[Stored dataset items]
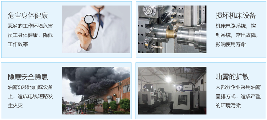 油雾主要是由固体颗粒、液态颗粒以及液体和固体颗粒悬浮于⽓体介质中形成的均匀分散体系,即以⽓溶胶的形式漂浮在作业场的空⽓中,颗粒直径⼤部分集中在1μm左右;⼩于1μm的粒⼦会被融⼊⾎液中,对员⼯健康产⽣危害;同时造成环境破坏,降低⽣产设备使⽤寿命。
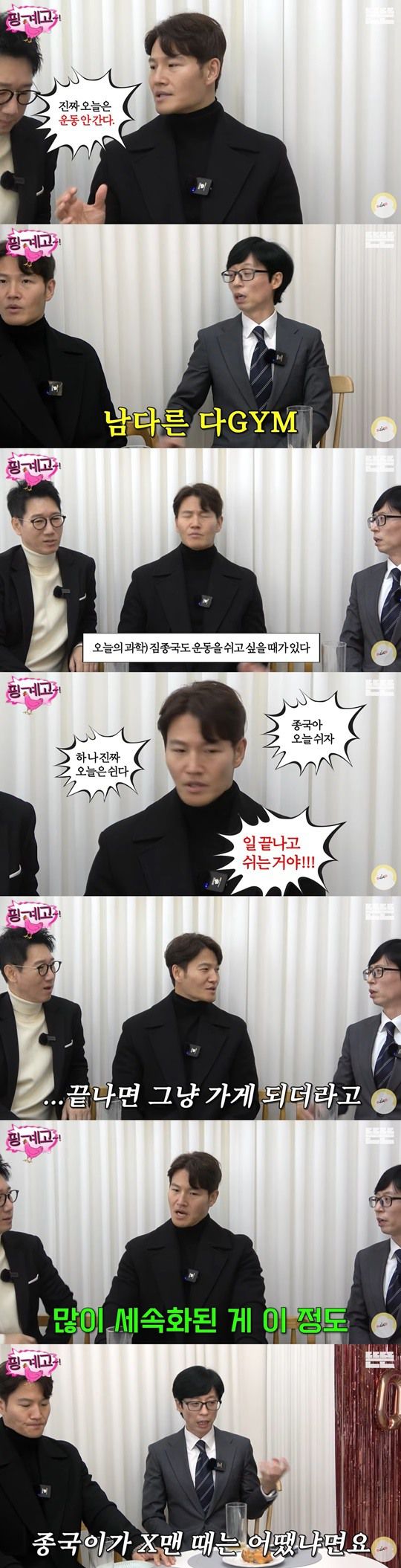 더해 김종국은 몸 관리에 대해 아침에 일어날 때 운동을 쉬겠다고 다짐을 해도 결국 스케줄이 끝나면 운동을 가게 된다고 했다. 유재석은 "그래도 얘가 지금은 많이 세속화됐다"고 했다. 김종국은 "오늘도 라면을 먹고 왔다. 많이 열렸다"면서 했다. 유재석은 "종국이가 예전에 X맨 같이 할 때는 단백질 이외에는 섭취를 안 했다"고 덧붙였다.
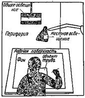 Различение объектов зрительной работы при фиксированном направлении линии зрения работающих на рабочую поверхность |
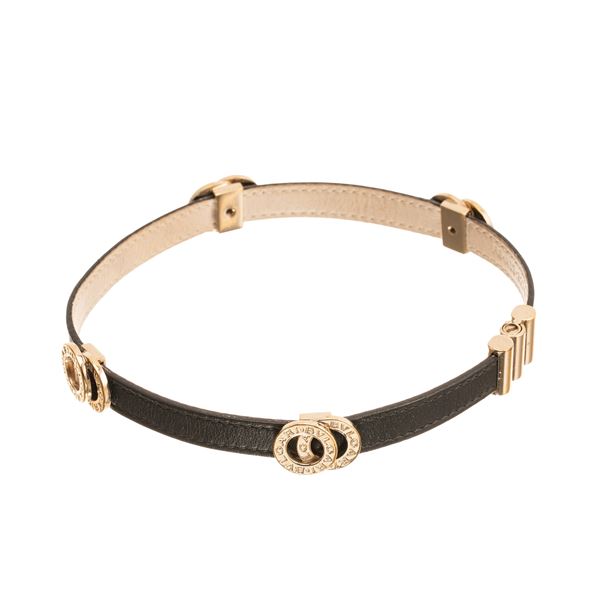 COLLARINO BULGARI IN PELLE COLORE NERO CON ELEMENTI DISTINTIVI
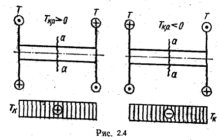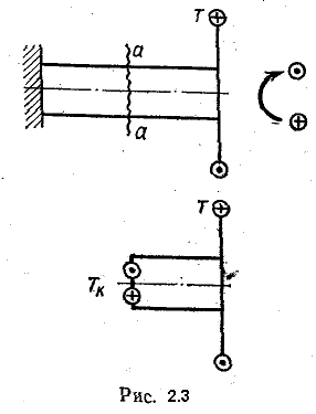 Для определения крутящих моментов Тк возникающих в сечениях вала под действием внешних скручивающих моментов или поперечной нагрузки, будем применять метод сечений. Сделаем мысленный разрез стержня (рис. 2.3), например по а - а, отбросим одну часть стержня, в данном случае левую, и рассмотрим равновесие оставшейся правой части.
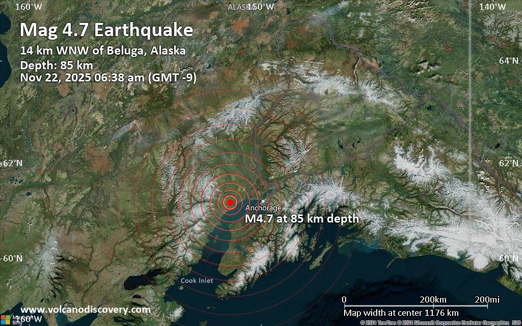 Moderate earthquake of magnitude 4.8 just reported 18 miles northwest of Anchorage, Alaska, United States A moderately shallow magnitude 4.8 earthquake was reported early morning near Anchorage, Alaska, USA. According to the United States Geological Survey, the quake hit on Saturday, November 22nd, 2025, at 6:36 am local time at a moderately shallow depth of 28 miles. The exact magnitude, epicenter, and depth of the quake might be revised within the next few hours or minutes as seismologists review data and refine their calculations, or as other agencies issue their report. A second report was later issued by The Incorporated Research Institutions for Seismology (IRIS), which listed it as a magnitude 4.0 earthquake. A third agency, the European-Mediterranean Seismological Centre (EMSC), reported the same quake at magnitude 4.9. Based on the preliminary seismic data, the quake should not have caused any significant damage, but was probably felt by many people as light vibration in the area of the epicenter. Weak shaking might have been felt in Point MacKenzie (pop. 530) located 12 miles from the epicenter, Big Lake (pop. 3,400) 16 miles away, Anchorage (pop. 289,600) 18 miles away, Elmendorf Air Force Base (pop. 6,600) 25 miles away, Eagle River (pop. 24,800) 26 miles away, Eagle River (pop. 24,800) 26 miles away, Knik-Fairview (pop. 14,900) 26 miles away, Meadow Lakes (pop. 7,600) 30 miles away, Wasilla (pop. 9,300) 33 miles away, and Tanaina (pop. 8,200) 35 miles away. VolcanoDiscovery will automatically update magnitude and depth if these change and follow up if other significant news about the quake become available. If you’re in the area, please send us your experience through our reporting mechanism, either online or via our mobile app. This will help us provide more first-hand updates to anyone around the globe who wants to know more about this quake.
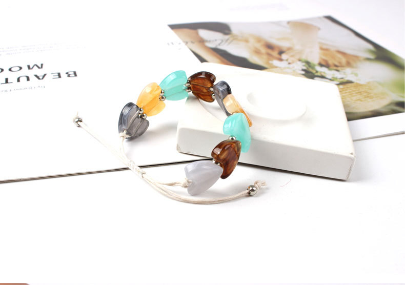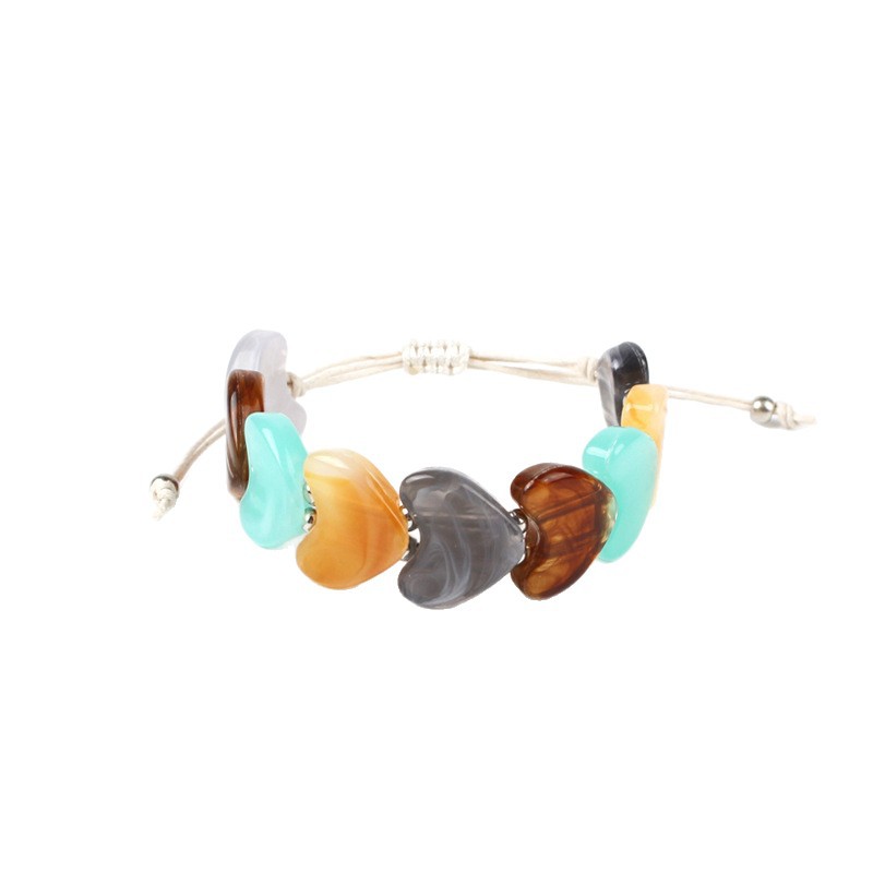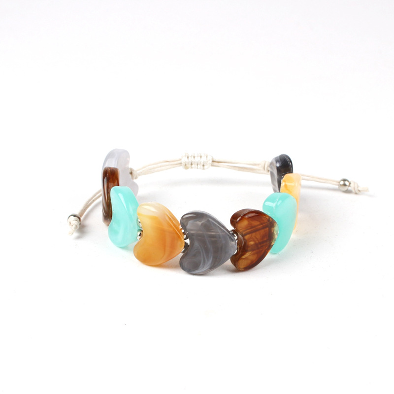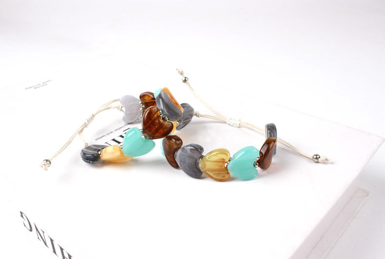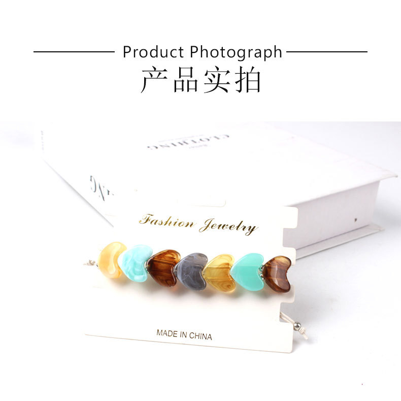 欧美跨境新品批发天然爱心水晶七彩石编织手链个性小众复古手链
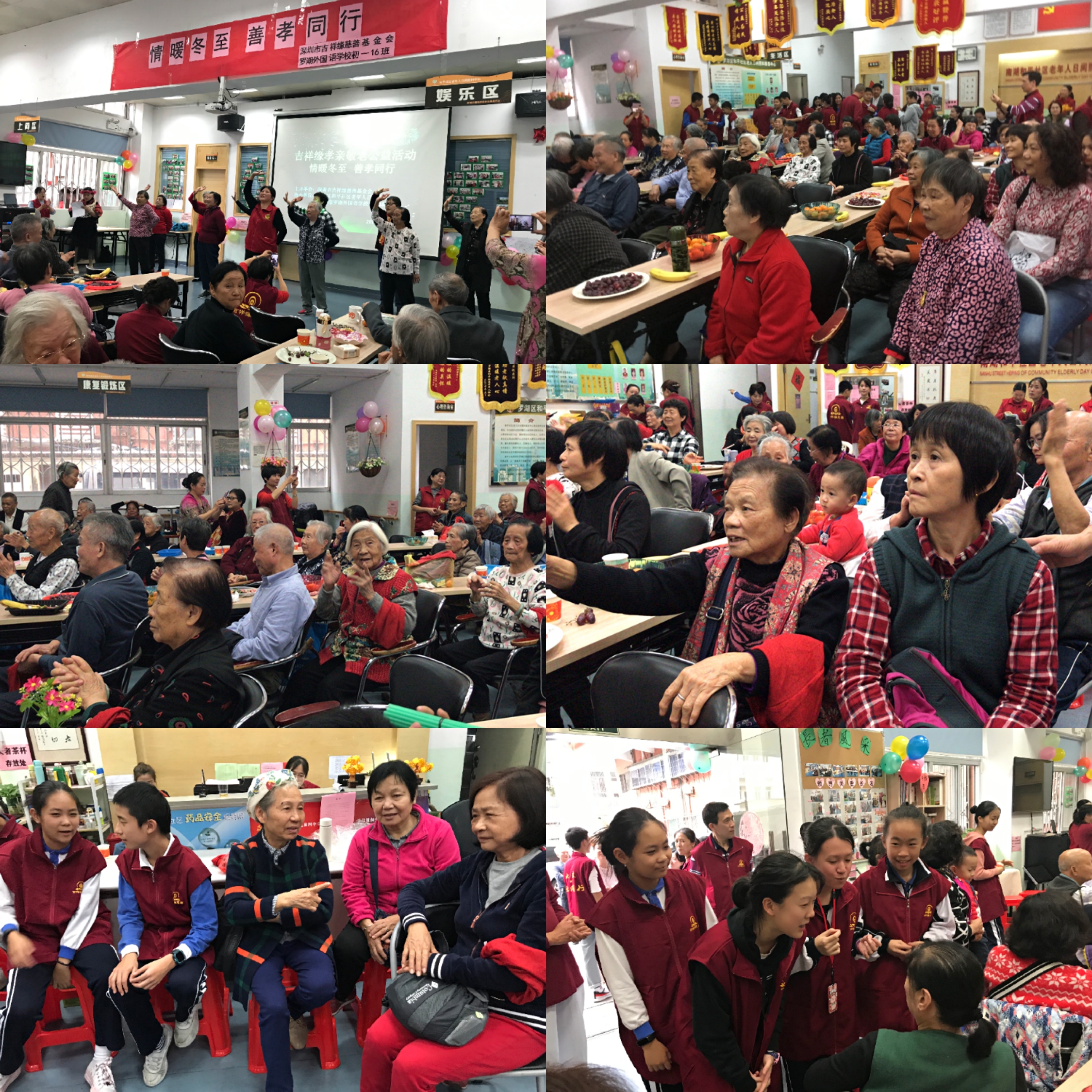 活动现场气氛活跃,由深圳市吉祥缘慈善基金会、深圳市罗湖外国语初中部学校(初一16班)的同学们,为社区长者们表演了一场丰富多彩的节目,期间志愿者和青少年们还为长者准备了水果和糕点,与长者们细心的交谈,嘘寒问暖,由深圳市吉祥缘慈善基金会为长者们赠送了爱心围巾,现场气氛很温馨。
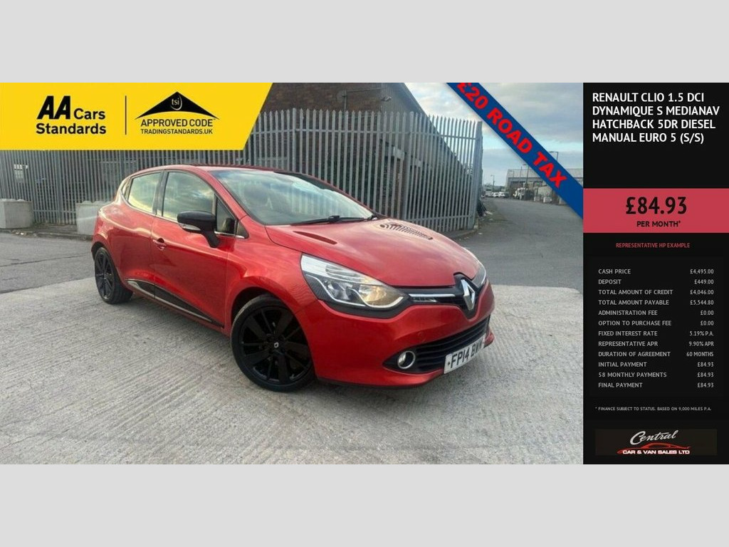 May 2014 Renault Clio 1.5 DCI Dynamique S MediaNav 90PS 5 door Sport Hatch. The car has covered 109k miles with 4 services carried out and recorded. Road tax is just £20 for 12 months Insurance group 13E and the car returns 71mpg urban, 88mpg extra-urban, 83mpg combined. The car is finished in gleaming metallic flame red with dark cloth trim. The car has had 2 owners from new and the car has had 5 services in total with the last being for the sale. The clio combines style, economy and reliability and is amazing value for money. This example is the Dynamique model so the car has a high specification that includes power steering, multi function steering wheel, ISOFIX car seat anchorage points front & rear, 5 seats, rear wiper, 17" alloy gloss black wheels, climate control, air conditioning, parking sensors, HDD Satellite Navigation, electric windows x4, electric mirrors with power fold, remote central locking, parcel shelf, auxiliary heating, Fog Lights, Keyless Entry & Start, Bass Reflex Hi-Fi Upgrade, On Board Computer, Rear Wiper, Gloss Black Rear Diffuser, Side Trims & mirrors, Cruise Control, Steering Colum Audio Controls, Start/Stop, Piano Black Dashboard Trims, 5 Speed Manual Transmission, ECO Mode, USB/AUX Inputs, Cupholders, Multiple Airbags R-Link Multimedia System, Carminat TomTom Live (3 Years Subscripti, Gloss Exterior Touch Pack - Black, 17in Alloy Wheels - Desire with Grey Ins, Gloss Exterior Touch Pack - Grey, 1.2L Storage Shelf Above Glovebox, 12V Power Socket, 17in Alloy Wheels - Desire with Black In, 2x Storage Spaces for 2 Cups and Miscell, 4L Front Glovebox, 7in Touch Screen, ABS - Anti Lock Brakes, Airbags - Driver, Airbags - Front Lateral, Airbags - Front Passenger, Airbags - Front Passenger Deactivation, Airbags - Thorax, Anti Drill Door Locks, Arkamys 4x20W Radio and Handsfree Techno, Armrest - Front Centre with Storage Comp, Automatic Windscreen Wipers with Rain Se, Bluetooth Connectivity, Bumpers - Body Coloure

Exercise goal: Copy the lines above exactly. Do not include pictures.

Reply to the exercise:
 油雾主要是由固体颗粒、液态颗粒以及液体和固体颗粒悬浮于⽓体介质中形成的均匀分散体系,即以⽓溶胶的形式漂浮在作业场的空⽓中,颗粒直径⼤部分集中在1μm左右;⼩于1μm的粒⼦会被融⼊⾎液中,对员⼯健康产⽣危害;同时造成环境破坏,降低⽣产设备使⽤寿命。
 더해 김종국은 몸 관리에 대해 아침에 일어날 때 운동을 쉬겠다고 다짐을 해도 결국 스케줄이 끝나면 운동을 가게 된다고 했다. 유재석은 "그래도 얘가 지금은 많이 세속화됐다"고 했다. 김종국은 "오늘도 라면을 먹고 왔다. 많이 열렸다"면서 했다. 유재석은 "종국이가 예전에 X맨 같이 할 때는 단백질 이외에는 섭취를 안 했다"고 덧붙였다.
 Различение объектов зрительной работы при фиксированном направлении линии зрения работающих на рабочую поверхность |
 COLLARINO BULGARI IN PELLE COLORE NERO CON ELEMENTI DISTINTIVI
 Для определения крутящих моментов Тк возникающих в сечениях вала под действием внешних скручивающих моментов или поперечной нагрузки, будем применять метод сечений. Сделаем мысленный разрез стержня (рис. 2.3), например по а - а, отбросим одну часть стержня, в данном случае левую, и рассмотрим равновесие оставшейся правой части.
 Moderate earthquake of magnitude 4.8 just reported 18 miles northwest of Anchorage, Alaska, United States A moderately shallow magnitude 4.8 earthquake was reported early morning near Anchorage, Alaska, USA. According to the United States Geological Survey, the quake hit on Saturday, November 22nd, 2025, at 6:36 am local time at a moderately shallow depth of 28 miles. The exact magnitude, epicenter, and depth of the quake might be revised within the next few hours or minutes as seismologists review data and refine their calculations, or as other agencies issue their report. A second report was later issued by The Incorporated Research Institutions for Seismology (IRIS), which listed it as a magnitude 4.0 earthquake. A third agency, the European-Mediterranean Seismological Centre (EMSC), reported the same quake at magnitude 4.9. Based on the preliminary seismic data, the quake should not have caused any significant damage, but was probably felt by many people as light vibration in the area of the epicenter. Weak shaking might have been felt in Point MacKenzie (pop. 530) located 12 miles from the epicenter, Big Lake (pop. 3,400) 16 miles away, Anchorage (pop. 289,600) 18 miles away, Elmendorf Air Force Base (pop. 6,600) 25 miles away, Eagle River (pop. 24,800) 26 miles away, Eagle River (pop. 24,800) 26 miles away, Knik-Fairview (pop. 14,900) 26 miles away, Meadow Lakes (pop. 7,600) 30 miles away, Wasilla (pop. 9,300) 33 miles away, and Tanaina (pop. 8,200) 35 miles away. VolcanoDiscovery will automatically update magnitude and depth if these change and follow up if other significant news about the quake become available. If you’re in the area, please send us your experience through our reporting mechanism, either online or via our mobile app. This will help us provide more first-hand updates to anyone around the globe who wants to know more about this quake.
 欧美跨境新品批发天然爱心水晶七彩石编织手链个性小众复古手链
 活动现场气氛活跃,由深圳市吉祥缘慈善基金会、深圳市罗湖外国语初中部学校(初一16班)的同学们,为社区长者们表演了一场丰富多彩的节目,期间志愿者和青少年们还为长者准备了水果和糕点,与长者们细心的交谈,嘘寒问暖,由深圳市吉祥缘慈善基金会为长者们赠送了爱心围巾,现场气氛很温馨。
 May 2014 Renault Clio 1.5 DCI Dynamique S MediaNav 90PS 5 door Sport Hatch. The car has covered 109k miles with 4 services carried out and recorded. Road tax is just £20 for 12 months Insurance group 13E and the car returns 71mpg urban, 88mpg extra-urban, 83mpg combined. The car is finished in gleaming metallic flame red with dark cloth trim. The car has had 2 owners from new and the car has had 5 services in total with the last being for the sale. The clio combines style, economy and reliability and is amazing value for money. This example is the Dynamique model so the car has a high specification that includes power steering, multi function steering wheel, ISOFIX car seat anchorage points front & rear, 5 seats, rear wiper, 17" alloy gloss black wheels, climate control, air conditioning, parking sensors, HDD Satellite Navigation, electric windows x4, electric mirrors with power fold, remote central locking, parcel shelf, auxiliary heating, Fog Lights, Keyless Entry & Start, Bass Reflex Hi-Fi Upgrade, On Board Computer, Rear Wiper, Gloss Black Rear Diffuser, Side Trims & mirrors, Cruise Control, Steering Colum Audio Controls, Start/Stop, Piano Black Dashboard Trims, 5 Speed Manual Transmission, ECO Mode, USB/AUX Inputs, Cupholders, Multiple Airbags R-Link Multimedia System, Carminat TomTom Live (3 Years Subscripti, Gloss Exterior Touch Pack - Black, 17in Alloy Wheels - Desire with Grey Ins, Gloss Exterior Touch Pack - Grey, 1.2L Storage Shelf Above Glovebox, 12V Power Socket, 17in Alloy Wheels - Desire with Black In, 2x Storage Spaces for 2 Cups and Miscell, 4L Front Glovebox, 7in Touch Screen, ABS - Anti Lock Brakes, Airbags - Driver, Airbags - Front Lateral, Airbags - Front Passenger, Airbags - Front Passenger Deactivation, Airbags - Thorax, Anti Drill Door Locks, Arkamys 4x20W Radio and Handsfree Techno, Armrest - Front Centre with Storage Comp, Automatic Windscreen Wipers with Rain Se, Bluetooth Connectivity, Bumpers - Body Coloure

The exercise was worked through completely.